Monitoring
Real-time infrastructure health and metrics powered by Prometheus.
Overview
Umoo's monitoring stack integrates with a Prometheus server to visualize:
- Fleet-wide resource usage (CPU, memory, network)
- Per-device telemetry (agent uptime, ping RTT, disk, goroutines)
- Platform metrics (DB connections, ingress throughput)
Data is collected by the telemetry plugin running on each device and scraped by Prometheus.
Dashboards
Navigate to Monitor to see your monitoring dashboards.
New tenants get a default Fleet Overview dashboard with pre-built panels:
- Total Devices / Online Devices — stat panels
- Fleet Online Rate — gauge with color thresholds
- Avg CPU Usage / Avg Memory Usage / Avg Disk Usage — time series panels
Custom Dashboards
You can create, edit, and delete dashboards directly in the UI:
- Click + Create Dashboard.
- Add rows and panels with PromQL queries.
- Available panel types:
stat,gauge,timeseries,bar,table. - Set time range and refresh interval.
A Template Gallery provides pre-built dashboard templates you can apply with one click.
Device Monitor Tab
Individual device telemetry is available in the device detail Monitor tab.

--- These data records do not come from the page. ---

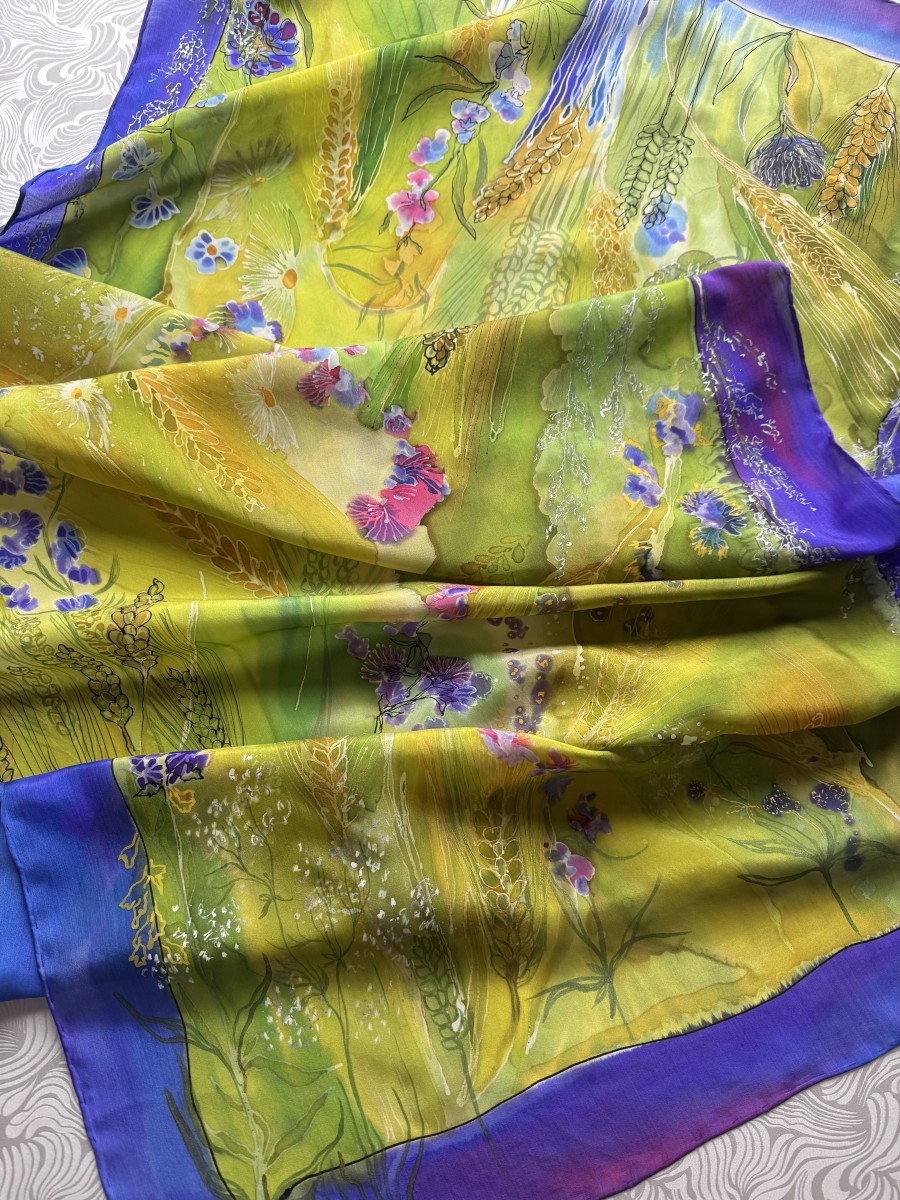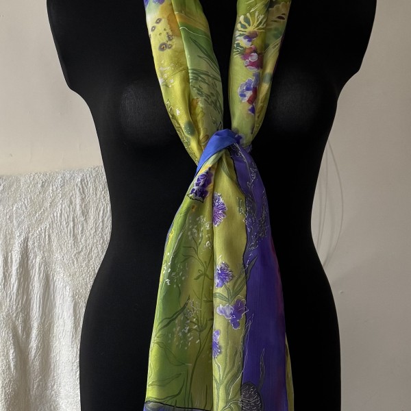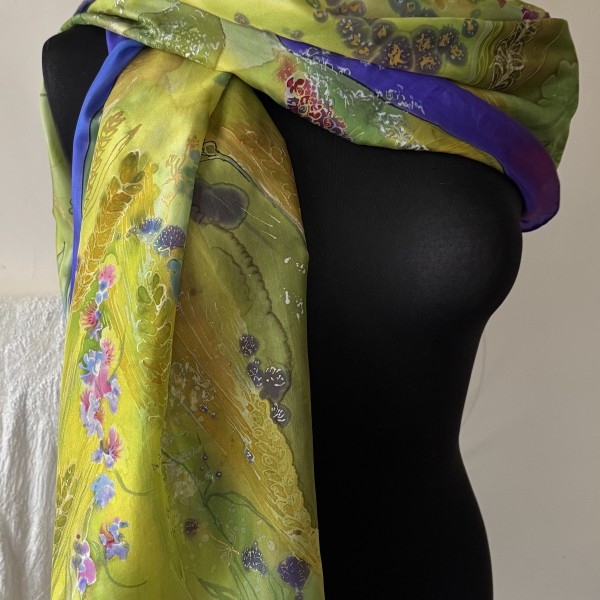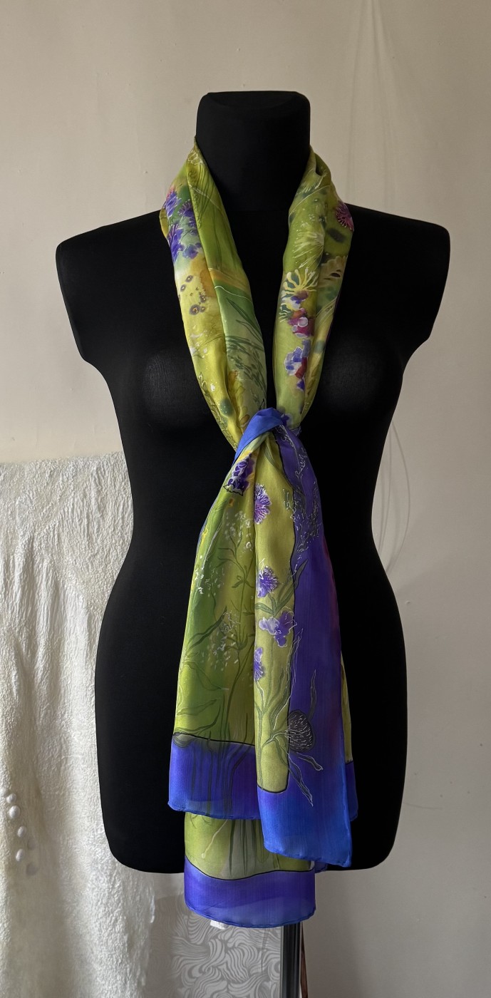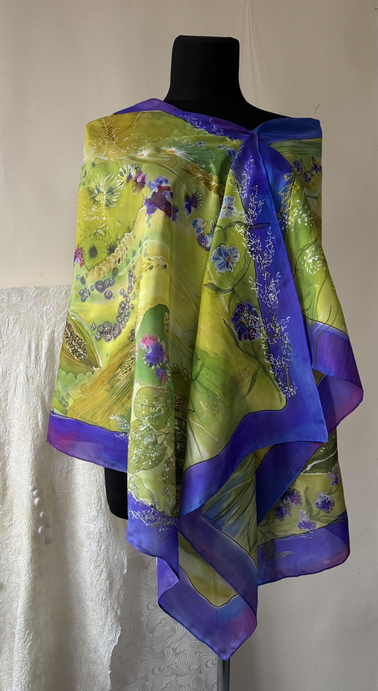 Dabīgā zīda šalle "Pavas iedvesma" ir izgatavota karstā vaska batikas tehnikā apvienojumā ar gleznojumu.
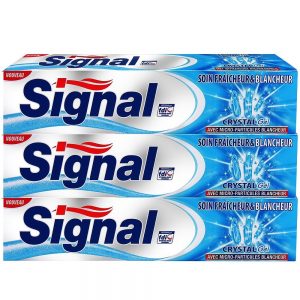 La marque Signal vous propose son lot de 3 dentifrices à un prix unique, disponible en ligne. Cette marque est célèbre mondialement dans la fabrication de pâte à dentifrice. Dans ce cas, presque tous les habitants dans le monde l’utilisent et trouvent des effets bénéfiques pour la santé de leurs dents. En effet, ce dentifrice est composé d’un gel de menthe frais qui, évidemment, apporte de la fraîcheur dans votre bouche. En plus, ce produit possède une caractéristique qui blanchit vos dents et rend votre sourire éclaircissant. À titre de conseil, il vaut mieux se brosser les dents après chaque repas avec la pâte dentifrice de Signal si possible et changer de brosse à dents tous les trois mois. Ne perdez pas de temps à chercher ailleurs car Signal est le dentifrice idéal pour avoir des dents blanches et un sourire éclatant. Ce dentifrice est officiellement pratique pour tout type de dents. Pour les Fragiles, il les renforce tout en leur protégeant contre toute maladie dentaire.
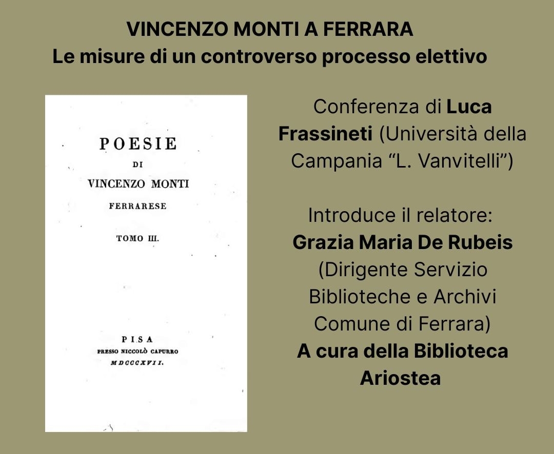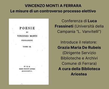 Avrà come tema "Vincenzo Monti e Ferrara: le misure di un controverso processo elettivo" la conferenza di Luca Frassineti in programma venerdì 10 ottobre 2025 alle 17:00 nella sala Agnelli della biblioteca comunale Ariostea (via delle Scienze 17, Ferrara).
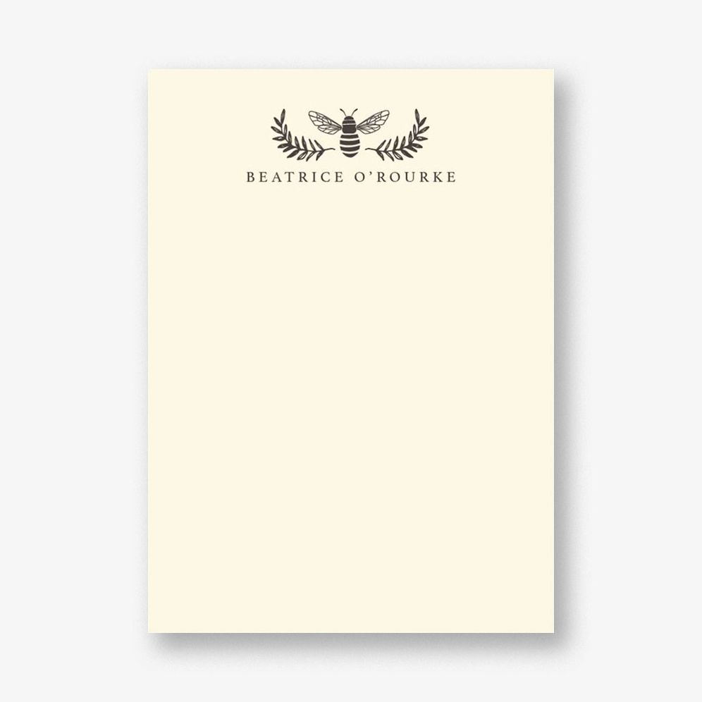This personalized stationery features a charming bee drawing with beautiful laurels surrounding it. Printed on superfine soft white 130 lb. card stock that has a smooth finish and is soft to the touch. Paper is FSC certified and made using wind power.
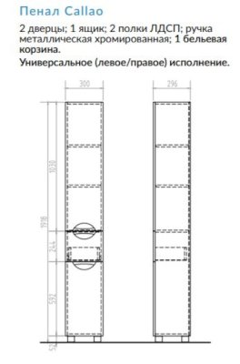 Пенал Callao с бельевой корзиной (Виго) - за 14 839 руб. в Макеевке. Купите на сайте makeevka.onlinemarketmebeli.ru или по телефону 8(800)505-30-63 уже сегодня! Уточнить наличие, комплектацию, актуальную цену можно бесплатно у менеджера ежедневно. Закажите Пенал Callao с бельевой корзиной (Виго) до конца акции! Доступна покупка в кредит, рассрочку. Доставим со склада или на заказ.
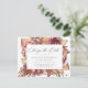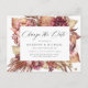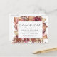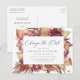 Behöver du ändra datum för din bröllopsdag? Våra unika, blomsterinspirerade "ändra datum" bröllopsförseningspostkort är perfekta för att meddela gästerna det nya bröllopsdatumet. Det stilrena ändra datum-postkortet har "ändra datum" i modernt kalligrafiskt typsnitt med en ram av vinröda, rosa och korallfärgade akvarellblommor och ökenlöv i jordnära toner av rost, brunt och beige. Anpassa postkortet genom att lägga till era namn, returadress, bröllopsdetaljer, bröllopswebbplats, med mera.
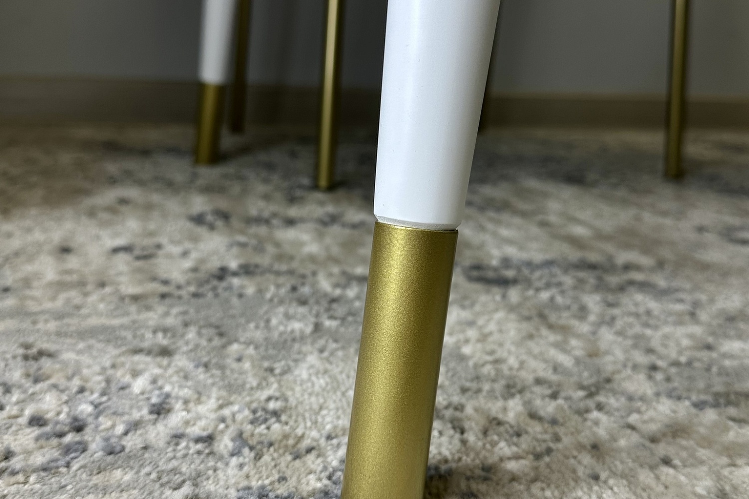Столешница из стекла надежно защищает стол от влаги и горячего. Для данного стола применяется дорогое, просветленное стекло optiwhite которое передает чистый, яркий цвет без зеленого бутылочного оттенка. Стекло надежно крепится к подложке из ЛДСП на герметик, распределенный по всей поверхности столешницы.
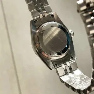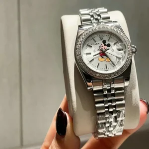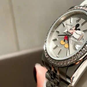 The Rolex Datejust harmoniously blends 18k white gold and Oystersteel with Mickey custom on the dial and 46 diamonds, creating a timepiece of exceptional beauty and durability. Its captivating diamond-set 18k white gold bezel exudes luxury, perfectly complementing the exquisite white mother-of-pearl dial adorned with diamond hour markers. This watch is a testament to Rolex’s dedication to refined perfection and timeless elegance, making it a truly desirable statement piece.
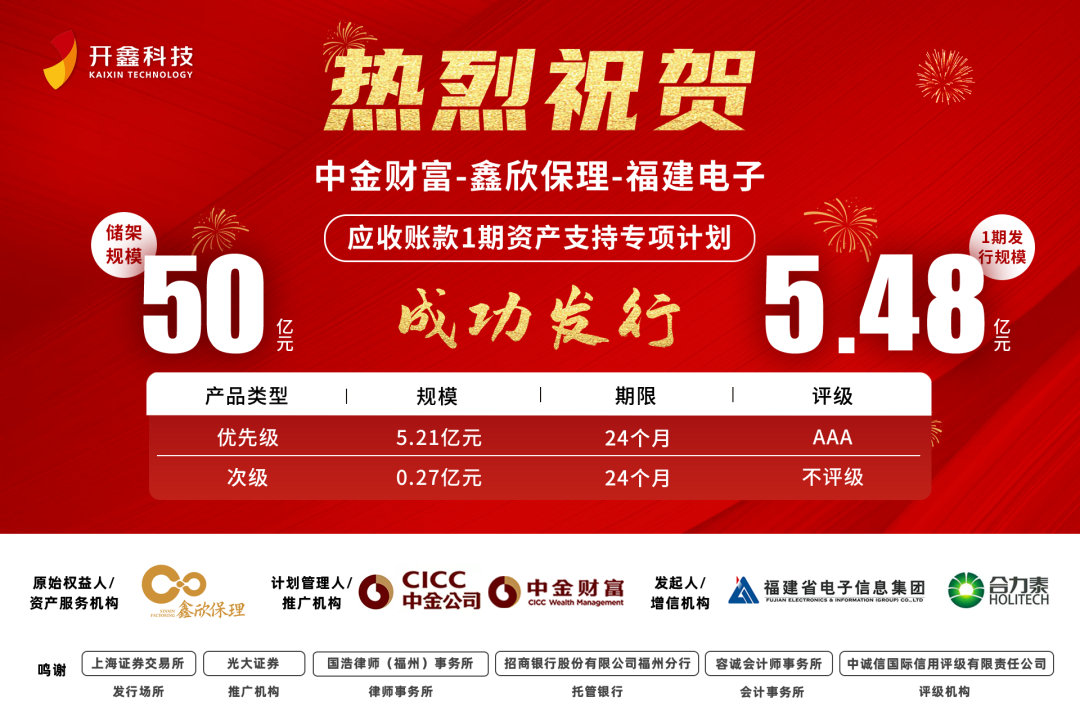 10月27日,中金财富-鑫欣保理-福建电子应收账款资产支持专项计划成功发行,储架规模50亿元,首期发行规模5.48亿元,期限2年,产品评级AAA。

Panels are organized into rows:
Health Row
| Panel | Metric |
|---|---|
| Agent Uptime | How long the umoo-agent has been running |
| Ping RTT | Round-trip time from backend to device |
Resources Row
| Panel | Metric |
|---|---|
| CPU Usage | Percentage across all cores |
| Memory | Heap memory usage (MB) |
| Disk Usage | Root filesystem usage percentage |
Network Row
| Panel | Metric |
|---|---|
| Network RX | Bytes received per second |
| Network TX | Bytes transmitted per second |
System Row
| Panel | Metric |
|---|---|
| Load Avg (1m) | Linux load average |
| Processes | Number of running processes |
| Agent Heap | Go heap allocation (MB) |
| Agent Goroutines | Number of active goroutines |
Telemetry Plugin Configuration
The telemetry plugin controls what metrics are collected and how often.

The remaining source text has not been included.